COVID-19 Drugs: Israeli Researchers Discover That Cholesterol-Lowering Drug Fenofibrate (Tricor) Could Downgrade COVID-19 Severity
Source: COVID-19 Drugs Jul 16, 2020 4 years, 5 months, 1 week, 2 days, 6 hours, 20 minutes ago
COVID-19 Drugs: A research team led by Hebrew University of Jerusalem (HU)'s Professor Dr Yaakov Nahmias says that a simple and inexpensive cholesterol-lowering drug called Fenofibrate (Tricor) that is been approved and on the market for decades could help downgrade the severity of COVID-19 disease.
The early research finding which looks promising has been published in the preprint section of the Journal: Cell in a column called Cell Press Sneak Peak while it is being peer-reviewed.
https://papers.ssrn.com/sol3/papers.cfm?abstract_id=3650499
In the last three months, Dr Nahmias and Dr Benjamin tenOever at New York's Icahn School of Medicine at Mount Sinai have focused on the ways in which the SARS-CoV-2 changes patients' lungs in order to reproduce itself.
Among their major findings is the fact that the novel coronavirus prevents the routine burning of carbohydrates. As a result, large amounts of fat accumulate inside lung cells, a condition the virus needs in order to reproduce.
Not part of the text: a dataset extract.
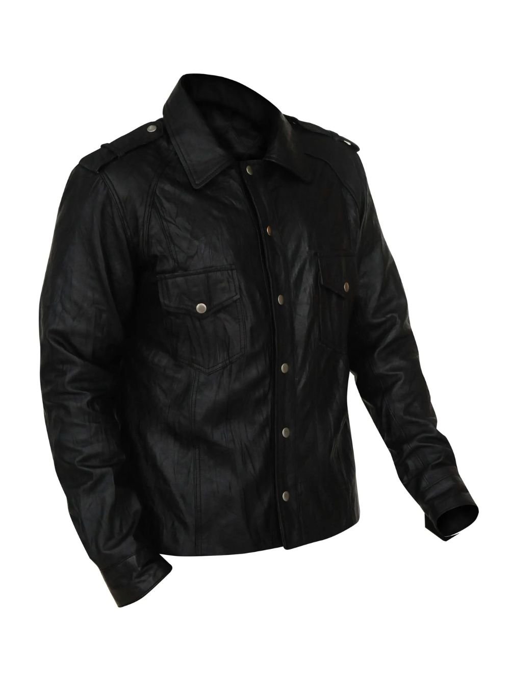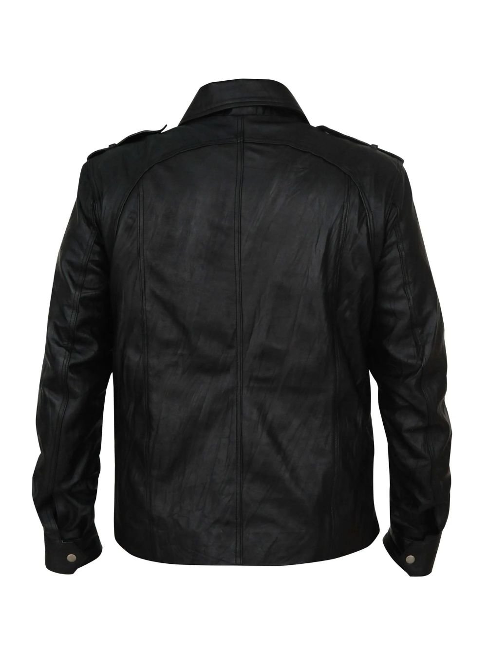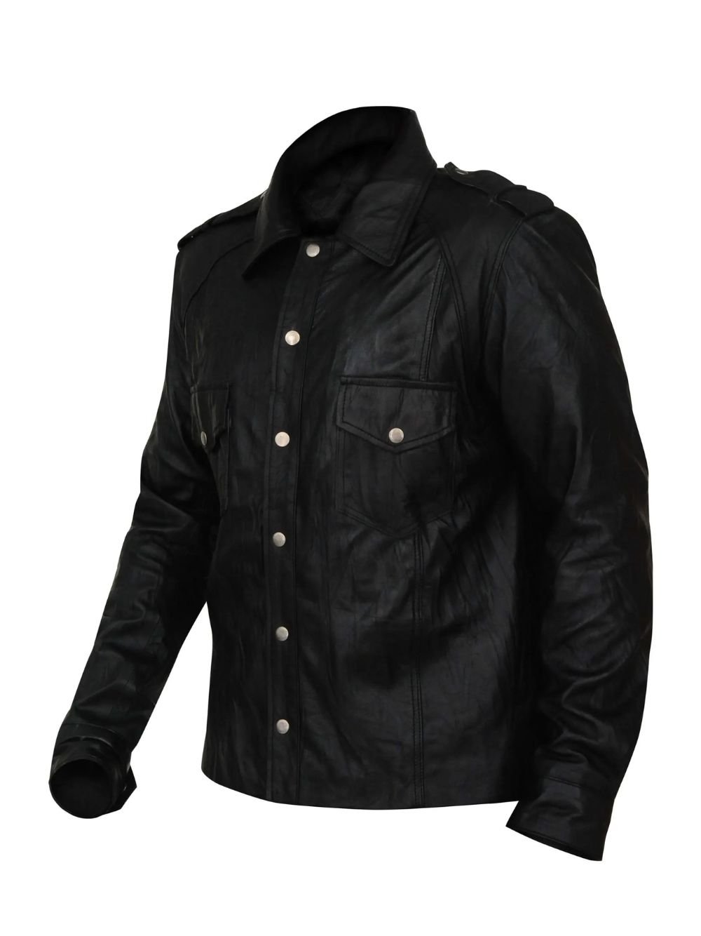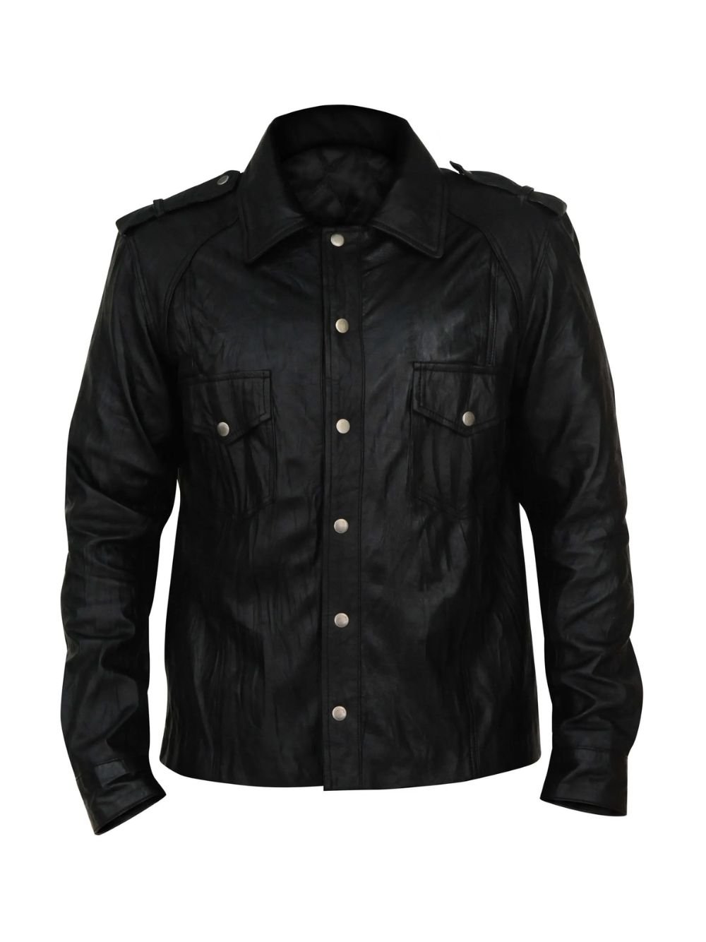 The silhouette of this jacket from Movie Jacket Hub is defined by its structured, masculine cut. It features a standard shirt-style collar that adds a touch of formal refinement to the rugged leather exterior. The front is secured with a traditional buttoned closure, departing from the standard zipper to offer a more vintage, timeless appearance. For added utility, the jacket is designed with spacious front flap pockets and discreet internal pockets, providing ample room for your phone, wallet, or other daily essentials.

This new understanding of SARS CoV-2 may help explain why patients with high blood sugar and cholesterol levels are often at a particularly high risk to develop COVID-19.
Typically viruses are parasites that lack the ability to replicate on their own, so they take control of host cells to help accomplish that task.
Dr Nahmias explained to Thailand Medical News, "By understanding how the SARS-CoV-2 controls our metabolism, we can wrestle back control from the virus and deprive it from the very resources it needs to survive."
Armed with this information in hand, Dr Nahmias and Dr tenOever began to screen FDA-approved medications that interfere with the virus' ability to reproduce.
Significantly, in lab studies, the cholesterol-lowering drug Fenofibrate (Tricor) showed extremely promising results. By allowing lung cells to burn more fat, fenofibrate breaks the virus' grip on these cells, and prevents SARS CoV-2's ability to reproduce. In fact, within only five days of treatment, the virus almost completely disappeared.
Dr Nahmias added, "With second-wave infections spiking in countries across the globe, these findings could not come at a better time, and global cooperation may provide the cure.”
Dr tenOever added, "The collaboration between the Nahmias and tenOever labs demonstrates the power of adopting a multi-disciplinary approach to study SARS-CoV-2 and that our findings could truly make a significant different in reducing the global burden of COVID-19."
Though there are many international efforts currently underway to develop a coronavirus vaccine, studies suggest that vaccines may only protect patients for a few months.
Hence it is therefore critical to find a way to block the coronavirus' ability to function, rather than neutralizing its ability to strike in the first place and such an approach may be the key to turning the tables on COVID-19.
Dr Nahmias concluded, "If our findings are borne out by clinical studies, this course of treatment could potentia
lly downgrade COVID-19's severity into nothing worse than a common cold."